F・フロム-ライヒマンの『人間関係の病理学』(早坂泰次郎訳著)という本の中に、「人は自分を愛する程度に応じてのみ、他人を愛しうるのである」という一文を見つけました。

これは極端な考え方をすると、自分を愛することが出来ない人は他人を愛することも出来ないということです。

例え愛せたとしても自分を少しだけしか愛せていないと、他人も少しだけしか愛せないということになります。

ということは「自分の〇〇は好きだけど〇〇は嫌い」と部分的にしか自分を愛していない人の場合、愛する相手も部分的にしか愛せない可能性があるのです。

ちなみに厳密にいうと、好きになるということは主観的で自分勝手な気持ちが大部分を占めますが、愛するということは客観的で相手を思いやったり慈しんだり相手の気持ちを推しはかろうとする気持ちが大部分を占めます。

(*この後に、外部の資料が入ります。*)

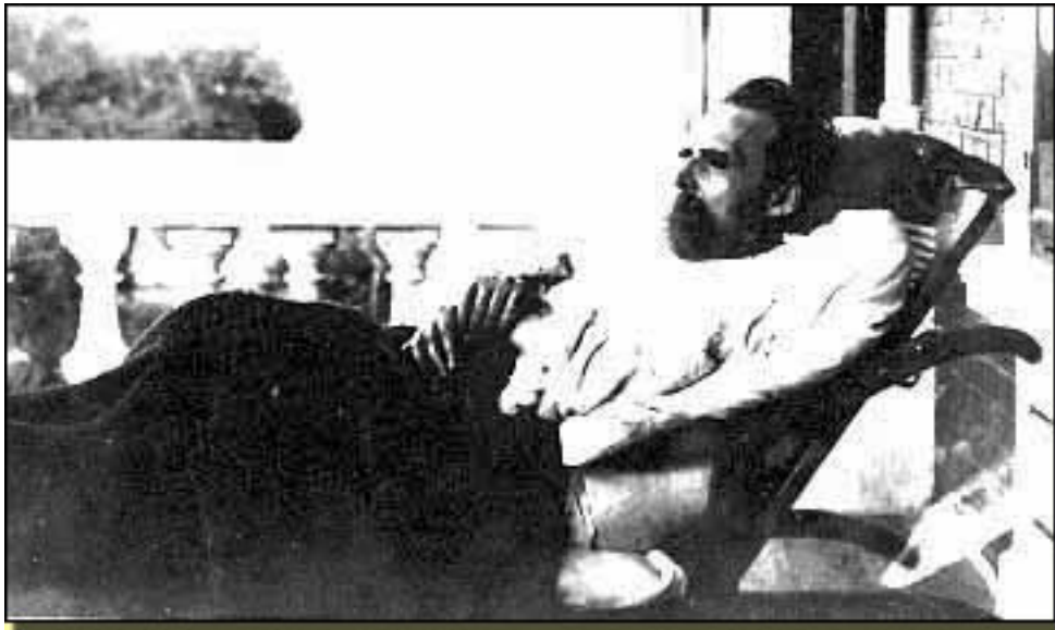
NIETZSCHE (ÚLTIMOS DÍAS)

つまり、自分を愛せない場合は相手に自分勝手な気持ちを押し付けることが多くなるといえます。

またこの本には「人は自分を尊敬する程度に応じてのみ、他人を尊敬することができる」とも書いてありました。

とすると、自尊心が低い人間は他人を尊敬しにくいということになります。つまり、相手を見下すことでしか自分の尊敬を得られない可能性が高くなるわけです。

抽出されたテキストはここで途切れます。